Thursday, August 25, 2011

Customer service is how you operate your business.

Most of this week, I’ve been having conversations with people about customer service. Ok, this week it’s been more like debates about what service is and how to treat customers. You see, there seems to be a group of people who think that customer service is all about giving customers free stuff. That’s it, just giving them free stuff.

As if customers really walk out of a store and say, “Honey! You wouldn’t believe the service I just received! They gave me a 10% discount – that’s amazing service!” This isn’t service. It’s pricing. There is NO service going on here at all.

Giving amazing service is about listening to your customers, paying attention to how they behave and what they want, then enacting that as well as communicating it to them. My wife went into our local big box bookstore this week to complete an exchange. She didn’t have a receipt, just the unread book given to her as a gift. It costs the bookstore absolutely nothing for this transaction. Zero. Nevertheless, she needed to fill out forms and answer questions. Why? So that the store felt comfortable that they weren’t being ripped off. The unintended consequence is that store is actually saying they naturally distrust their customers. This is a bad process, clearly showing how tied service is to operations.

If you are in the business of dealing with people, how you interact with them and move them through their experiences with you needs to be viewed as service. This became crystal clear tonight when I took the kids to McDonald's.

Anyone who has been to a newly renovated McDonald's can appreciate the time invested in designing a restaurant that is attractive for both senior and junior clientele. New colours, patterns, and textures scream out, “This is not the fast food restaurant of the 1980’s.” For this they should be congratulated.

But which architectural genius forgot to include a proper queue system? You see, at these new McDonald's, people randomly gather en masse in front of the order counter without any indication of how to line up. Is it one line per cashier? One common line up? Really, it is just a mass of people constructing their own ‘line’ waiting for the next cashier to yell out, ‘I can help the next person in line!”

This is not nuclear physics. We are not splitting atoms.

Yet without an established structure that serves customers through the wait, the order, and the pickup, McDonald's has created disservice. That’s right. Customers stand around confused, bumping into each other, not knowing when to advance or how to pick up their food.
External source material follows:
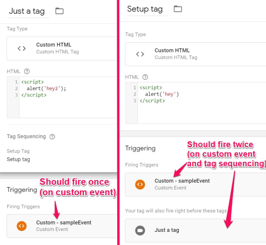 - and also Tag Sequencing from “Just a tag” will activate the “Setup tag”, hence the tag will fire twice on the same dataLayer.push event.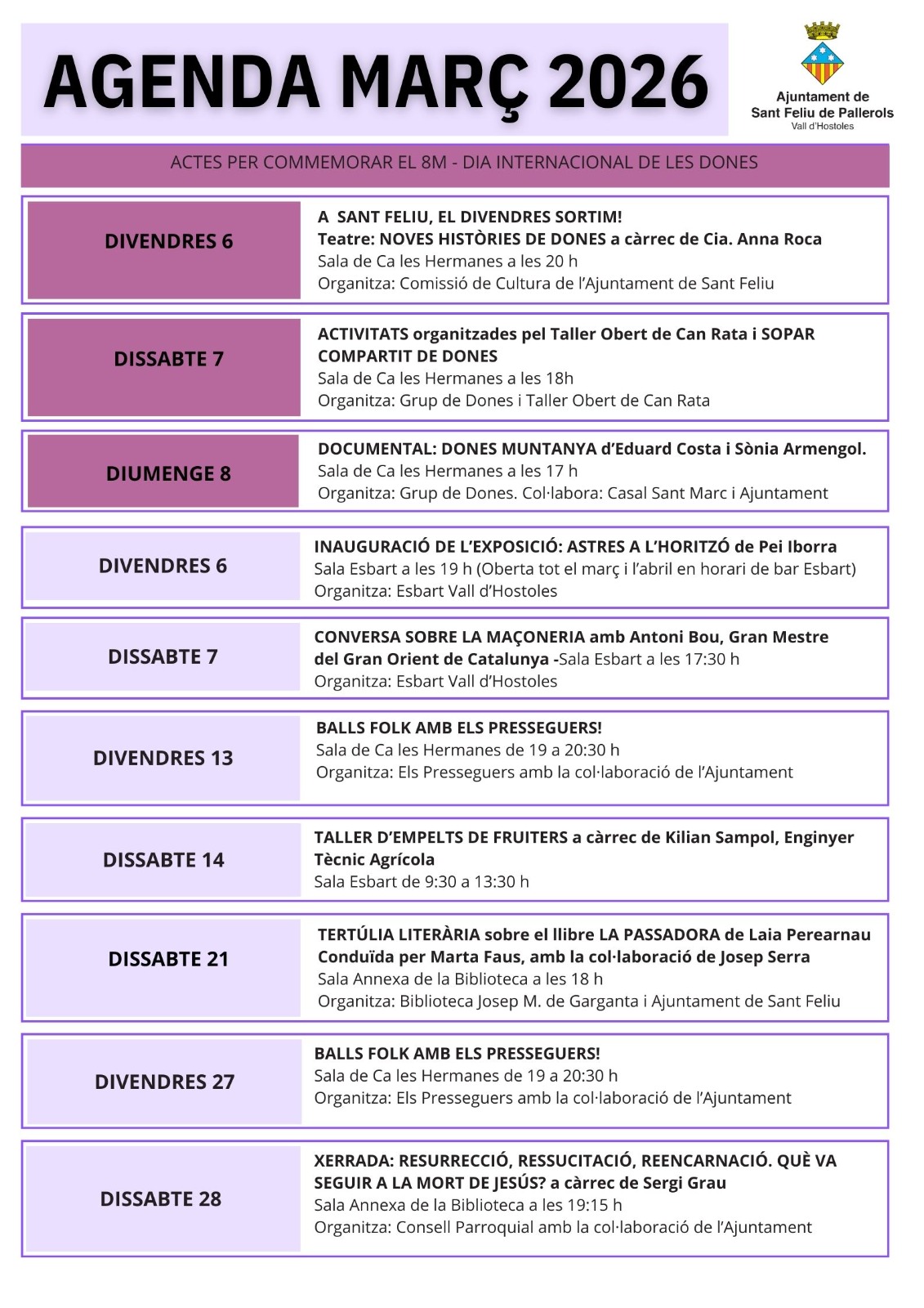 Agenda Agenda març 2026 De l'1 al 31 de març 2026 Març, marçot, s’emporta la vella de la vora del foc, i la jove si pot. Agenda d’activitats del mes de març 2026 < Entrada Anterior

The basic food service delivery system fails to acknowledge how customers behave and what they need. At a quick service restaurant, no one wants to feel stupid or awkward. Do the basic operations of your business help customers connect with you or create disharmony?

Service isn’t about the free-bees. It is about listening, paying attention, and doing things that help the customer. Period. If your operations are poorly organized or poorly executed, your service suffers and the relationship you have with your customers break down.